McGovern answered, "Well, nobody thinks that war is a lovely affair. It is humanity at its worst, it's a breakdown of normal communication, and it is a very savage enterprise. But on the other hand there are issues that sometimes must be decided by warfare after all else fails...I thought Adolf Hitler was a madman who had to be stopped.

"So, my answer to your question is no. I don't regret bombing strategic targets in Austria. I do regret the damage that was done to innocent people. And there was one bomb I've regretted all these years."

The reporter snapped that up. "Tell us about it."

McGovern told her about the bomb that had stuck in the bomb bay door and had to be jettisoned, on March 14, 1945. "To my sorrow it hit a peaceful little Austrian farmyard at high noon and maybe led to the death of some people in that family. I regret that all the more because it was the day I learned my wife had given birth to our first child and the thought went through my mind then and on many, many days since then, that we brought a young baby into the world and probably killed someone else's baby or children."

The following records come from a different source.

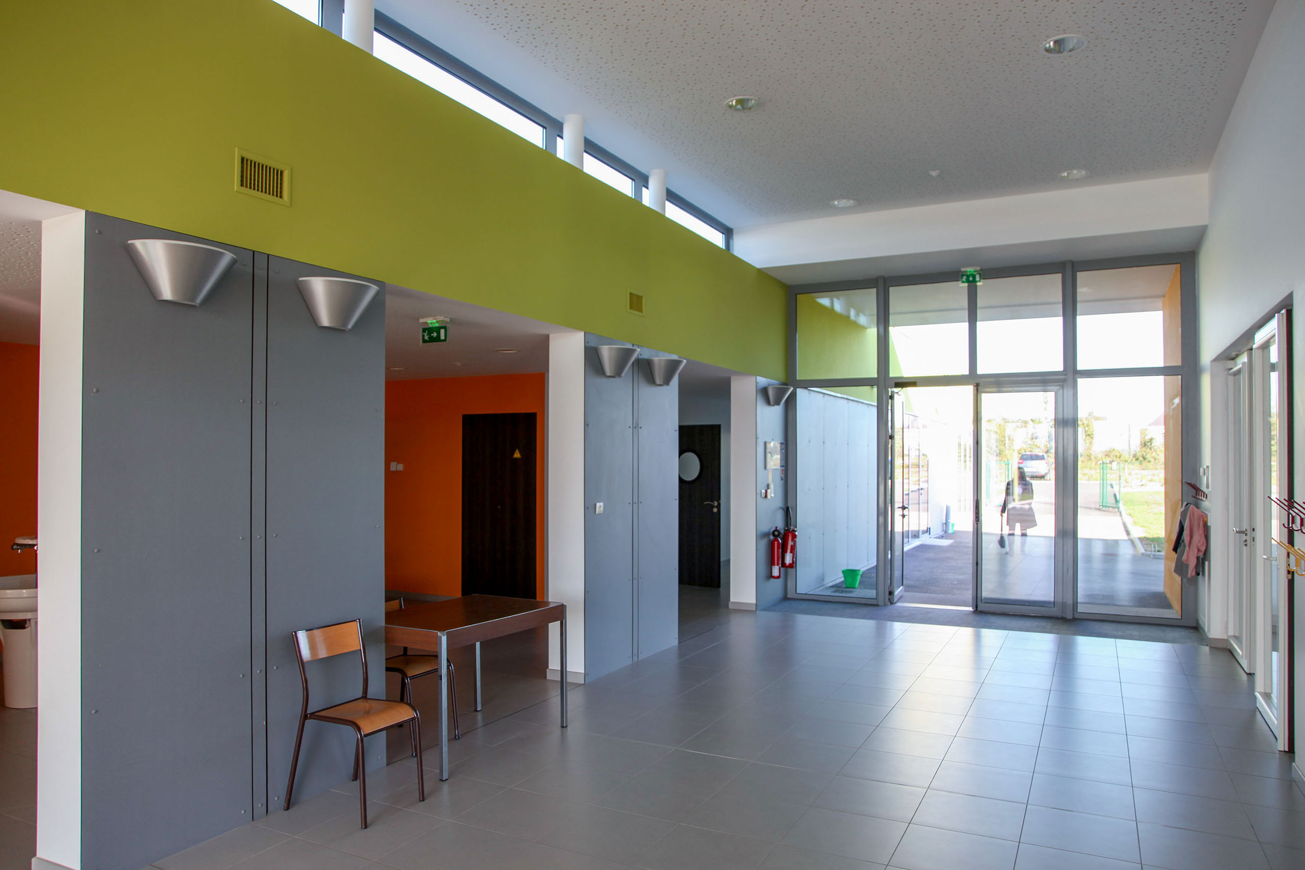 Un deuxième volume plus haut, très éclairé, traversant et en position centrale joue le rôle à la fois d’espace d’accueil et d’espace de desserte pour le restaurant scolaire et l’accueil périscolaire.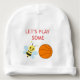 Denna hatt presenterar en lycklig honungbi- och basketdesign. Håll din unge head för att värme med denna gulliga bebishatt.
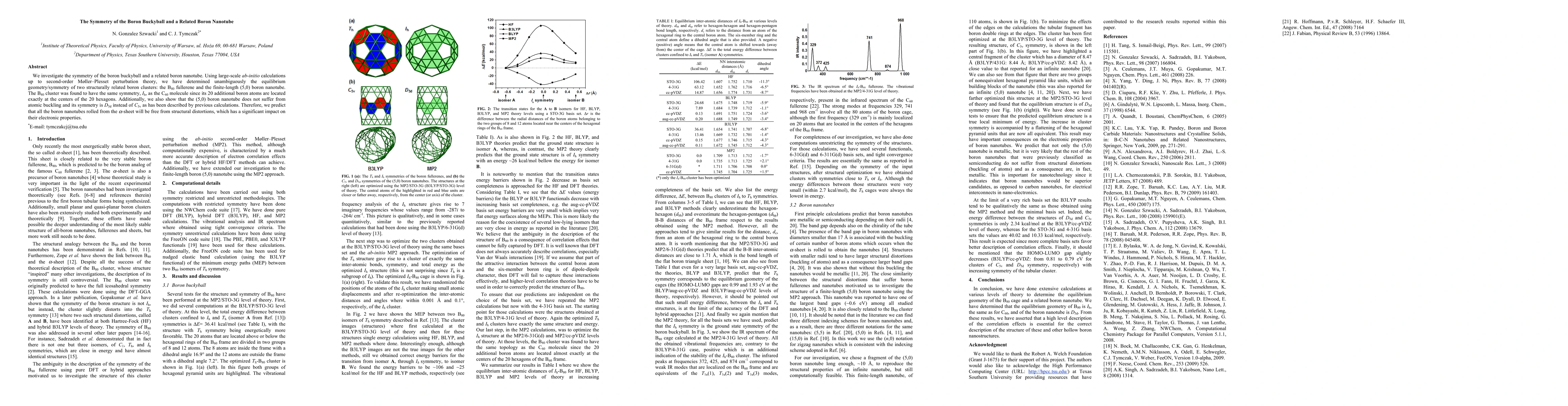 This paper determines the equilibrium geometry and symmetry of the B80 boron buckyball and a (5,0) boron nanotube using ab-initio calculations. The B80 buckyball exhibits Ih symmetry similar to C60, while the boron nanotube has D5d symmetry, differing from previous reports, which could influence their electronic properties.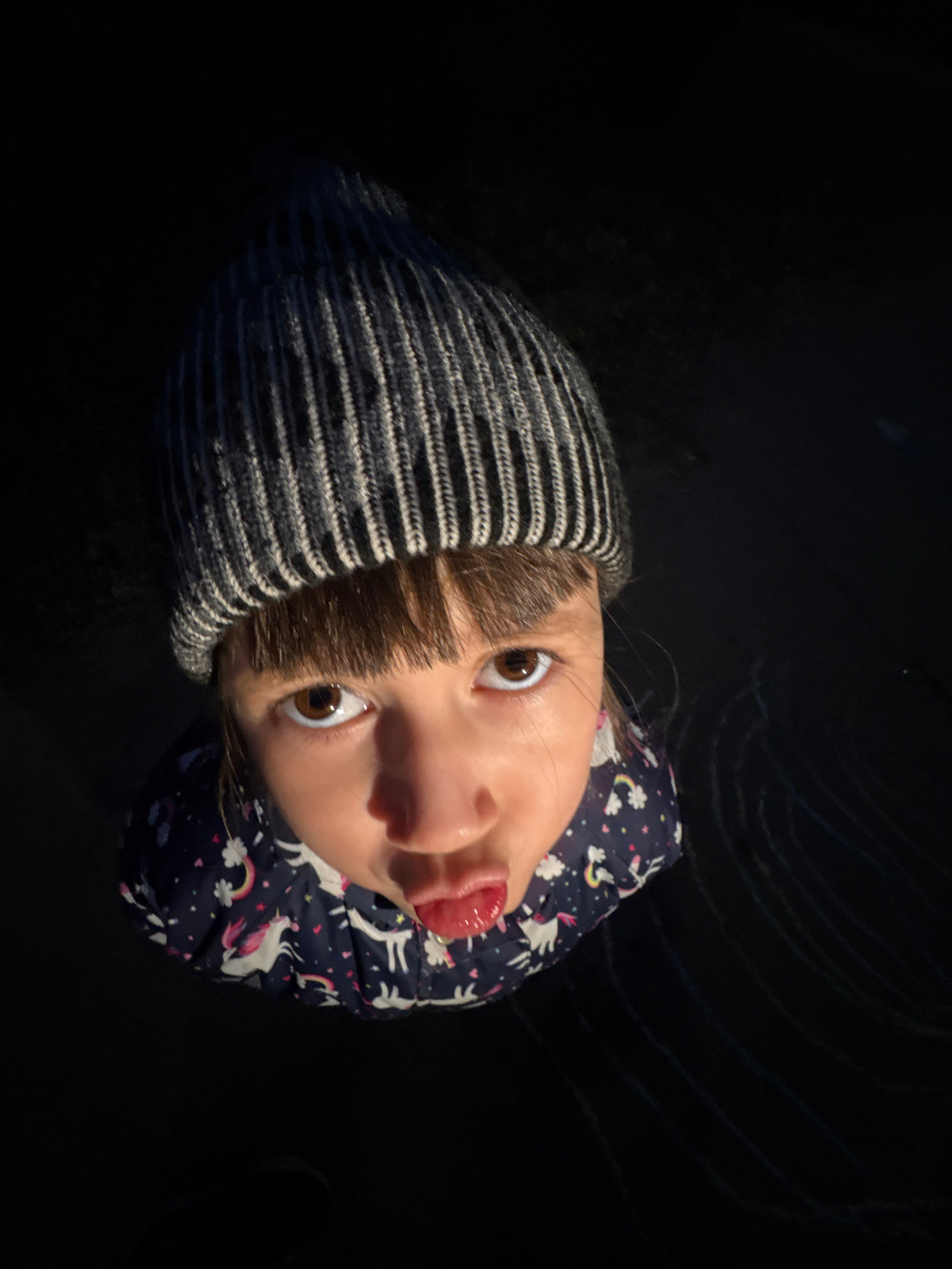 A young child is captured in a close-up, upward-angled shot against a predominantly dark background. The child, with light brown hair peeking from under a striped grey and white beanie, is looking dir…read more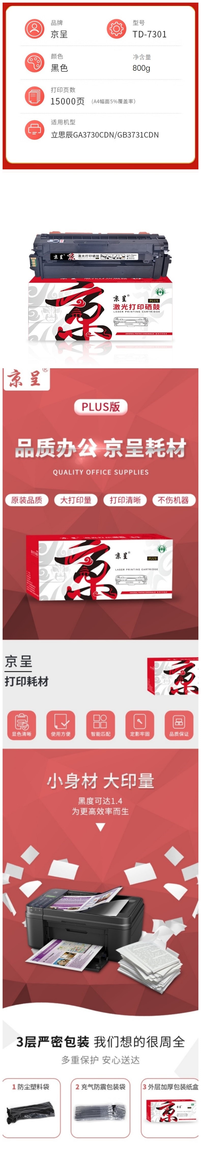 京呈 PLUS TD-7301 粉盒 适用立思辰GA3730CDN/GB3731CDN 计价单位:支 黑色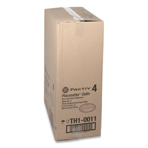 Placesetter Satin Non-Laminated Foam Dinnerware, 3-Compartment Plate, 9" dia, White, 500/Carton

When the documentary appeared on Austrian TV, the station received a call from an Austrian farmer. He said he had seen and heard McGovern. he knew it was his farm that was hit, because it was high noon on a clear day and exactly as McGovern described the incident.

"I want you to tell him," the man went on, "that no matter what other Austrians think, I despised Adolf Hitler. We did see the bomber coming. I got my wife and children out of the house and we hid in a ditch and no one was hurt. And because of our attitude about Hitler, I thought at the time that if bombing our farm reduced the length of that war by one hour or one minute, it was well worth it."

The television station called McGovern and told him what the farmer had said. For McGovern, it was "an enormous release and gratification. It seemed to just wipe clean a slate."

3 comments:

Anonymous said...

Quite a story. I bet McGovern was relieved. Too many Austrians cheered when the Germans took over in 1938. I talked to the German pilot who was sent to Vienna as the Germans crossed the border. at the Vienna airport they were cheering. This fellow later became Lufthansa's Chief Pilot. That attitude in Austria was probably why the farmer spoke the way he did.

LittlePig said...

Wow. This was exactly the story I thinking about when I heard he had passed on. I think he told the story to Terry Gross at some point - I know I've heard it but never read it.

Thanks much!

Sharon said...

I just finished reading The Wild Blue when I read that McGovern had entered hospice. He was a very brave fellow and modest, too. He was all of 21 when he flew 35 bomber missions during the war and his crew had complete confidence in him. He had to grow up very fast -- as so many soldiers did in those times.